Столь бурное проявление чувств было совсем несвойственно Марте. Она была не такой, как другие послушницы. Во-первых, она была старше их; ей было, наверное, года двадцать два или двадцать три, то есть на добрых шесть лет больше, чем Бригитте. А во-вторых, казалось, что Марта находится на более высокой ступени духовного развития. Обычно Марта бывала такой спокойной… И тому были весьма веские причины, о чем обмолвилась как-то сестра Долорес, делая выговор одной из послушниц за то, что та назвала Марту «сестрой Совершенство».

— Сестра Марта, — ворчливо сказала Долорес, распекая провинившуюся послушницу, — носит в сердце своем великое горе…

А потом сестра Долорес рассказала девушкам о том, что сестра Марта не может, как другие послушницы, поведать о своем детстве, о своей семье или же о том, что заставило ее избрать жизнь монахини. В памяти у Марты сохранились лишь события последних трех лет; тогда, три года назад, ее доставили в лазарет после ужасного несчастья, а когда бедняжка наконец пришла в себя, она, оказалось, не знала ни кто она такая, ни откуда. Даже имя Марта не было ее настоящим именем; так назвала ее мать-настоятельница, ибо девушка была такой же смиренной труженицей, как библейская Марта.
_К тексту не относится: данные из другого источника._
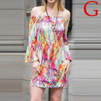 Fashion Sexy Printed Off-shoulder Flare Sleeve Dress

— И другим послушницам не мешало бы брать с сестры Марты пример во всем, — закончила сестра Долорес.

Услышав эту историю, сестра Бригитта начала наблюдать за Мартой, и чем больше она видела, тем больше восхищалась тихой, спокойной девушкой. Сестре Марте не нужно было подолгу разговаривать с другими сестрами, ведь дела говорят сами за себя. Не было такой грязной, такой черной работы, за которую не взялась бы сестра Марта. И другие послушницы нередко пользовались Этим, прячась в нишах монастырской стены в тот момент, когда нужно было вынести помойные ведра или собрать грязное постельное белье и оттащить его в прачечную. Увы, многие порой отлынивали от работы — но только не сестра Марта. И в глазах сестры Бригитты сестра Марта была и Девой Марией, и матерью-настоятельницей в одном лице. Бригитта испытывала перед ней благоговейный трепет и даже страх, но в то же время, видя в ней своего кумира, превратилась в самую преданную ее защитницу.

Заметив, что Марта начинает успокаиваться, сестра Бригитта пнула носком башмака камешек, и он со стуком покатился по вымощенной плитами дорожке; таким образом Бригитта неуклюже попыталась предупредить Марту о своем приближении. Бригитта знала, что Марте не хотелось бы, чтобы кто-нибудь застал ее в таком состоянии.

— Марта! — тихо окликнула Бригитта девушку. И тут же добавила: — Вот вы где!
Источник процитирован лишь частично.